GRU unit size and the number of convolutional layers seem not to affect too much the overall validation accuracy, which is always found between 70 and 75%. To gain more insights on the effect of different network structure we plot the evolution of accuracy and validation accuracy during the training:

We can see how the training accuracy behaves much better than before, greatly exceeding the 90% limit set by the previous model. At the same time, we notice that the validation accuracy saturates around the epoch 100, at about 70-75%. This seems to be a clear indication of overfitting. Our idea is therefore to introduce some kind of regularization (e.g. dropout).

It is also interesting to isolate the effect of the presence of convolutional layers. In the following plot, we present the validation accuracy during the training for 0, 1, 2 and 3 convolutional layers between the input and the GRU unit.

The presence of convolutional layers seems to increase the learning speed, moreover leads to cleaner results: the thickness of the shadow showing the variance of the signal decreases. For the future, we set the number of convolutional layers to be 3.

### GRU and overfitting - 11△

Now the training accuracy is great, but the validation accuracy does not increase more than 70-75%. After around 75 epochs of training, the validation accuracy stops to increase. This is a symptom of overfitting. To try to fix this we changed the GRU unit size (to reduce the complexity of the model) and introduce two dropout steps: recurrent dropout within the GRU layer, and classic dropout in between the convolutional layers.

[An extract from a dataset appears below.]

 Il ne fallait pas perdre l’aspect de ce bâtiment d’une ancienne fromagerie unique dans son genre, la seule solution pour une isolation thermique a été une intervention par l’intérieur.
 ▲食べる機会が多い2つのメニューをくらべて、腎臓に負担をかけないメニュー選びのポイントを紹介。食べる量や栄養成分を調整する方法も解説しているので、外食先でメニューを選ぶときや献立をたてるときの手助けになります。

As we can see in the plot below none of these techniques worked out, but actually, reduce the performance of the model.

### GRU with mouse movement - 12△

Since the bottleneck might still be the training size, we decide to try again our bigger dataset (the one obtained using mouse movements instead of touchpad ones). We study again the accuracy as a function of the training size.

Similarly to the touchpad dataset the accuracy hits its maximum at around 500 batches of training. This time it is clear that having more training datapoints does not improve the performance of the model.

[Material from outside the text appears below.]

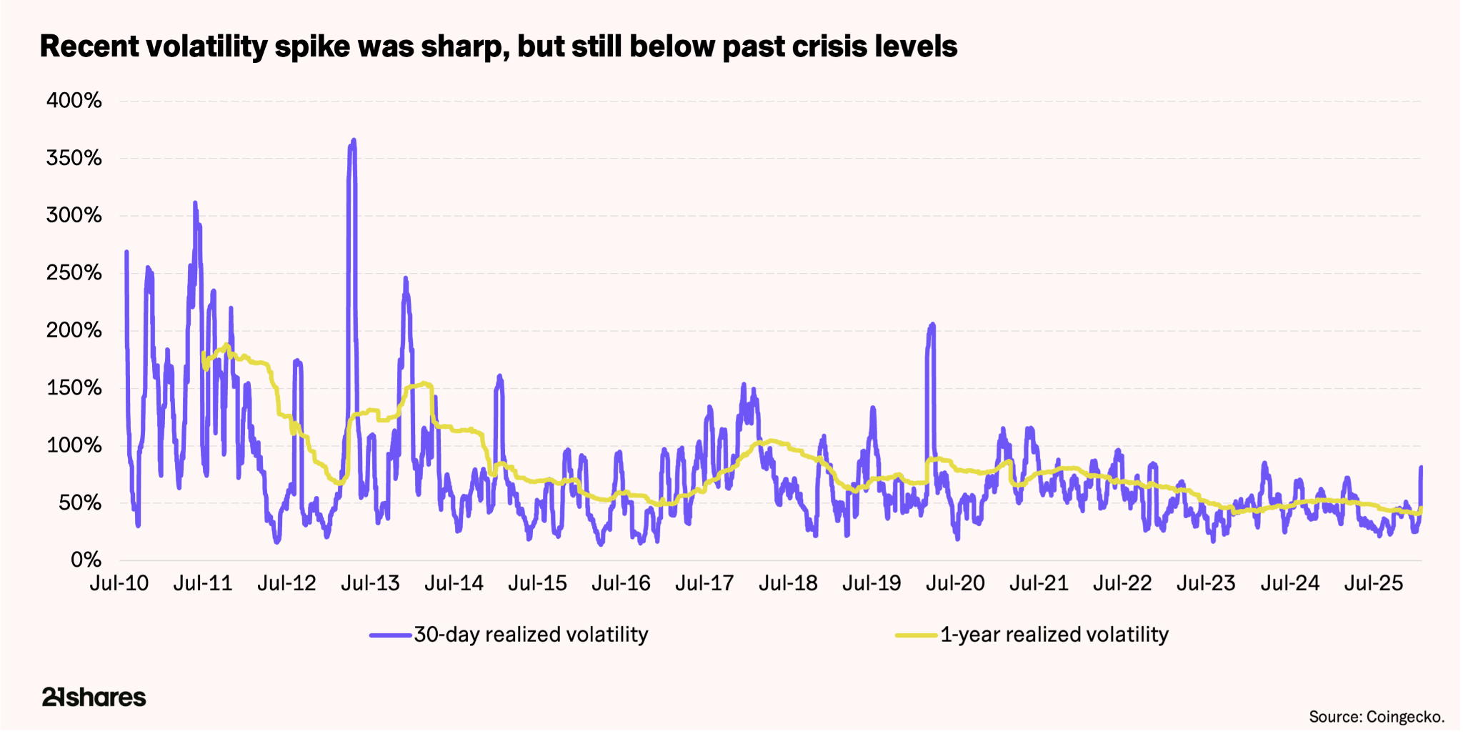The recent sell-off was rough, but it occurred in a structurally different environment than prior cycles. Bitcoin’s realized volatility tells the story: During peak stress, seven-day realized volatility reached ~156%. To put this figure in perspective, Bitcoin’s realized volatility peaked near ~385% in the beginning of the COVID pandemic in March 2020.

### Training size and regularizers - 13△

In the previous section, we realized that we are not limited by the size of the training data. Using the same training dataset we can try to train our model with bigger batches, which effectively reduces the number of batches available. At the same time it will increase the minimum time required for the model to perform a guess: twice the batch size, twice is the recording time needed. Nevertheless, the accuracy might increase.

On the most left plot, we see how bigger batch size generally corresponds to an improvement of the model performance. The accuracy saturates around a batch size of 500. On the central plot and on the most right one, we test if the amount of training data is enought even for larger batches. The answer is positive since we observe saturation in both cases. With a batch size of 800, we reach a validation accuracy higher than 80%.

Using a batch size of 800 we try to fill the gap between validation accuracy and training accuracy playing with the GRU unit size, the number of convolutional layers and the l1 regularizer within the GRU unit.

None of those methods provide improvements to accuracy. The GRU unit size seems not to affect the accuracy substantially. The number of convolutional layers is relevant, but we were already using 3 of them, which corresponds to the best performance. The l1 regularization technique seems detrimental, always reducing the validation accuracy.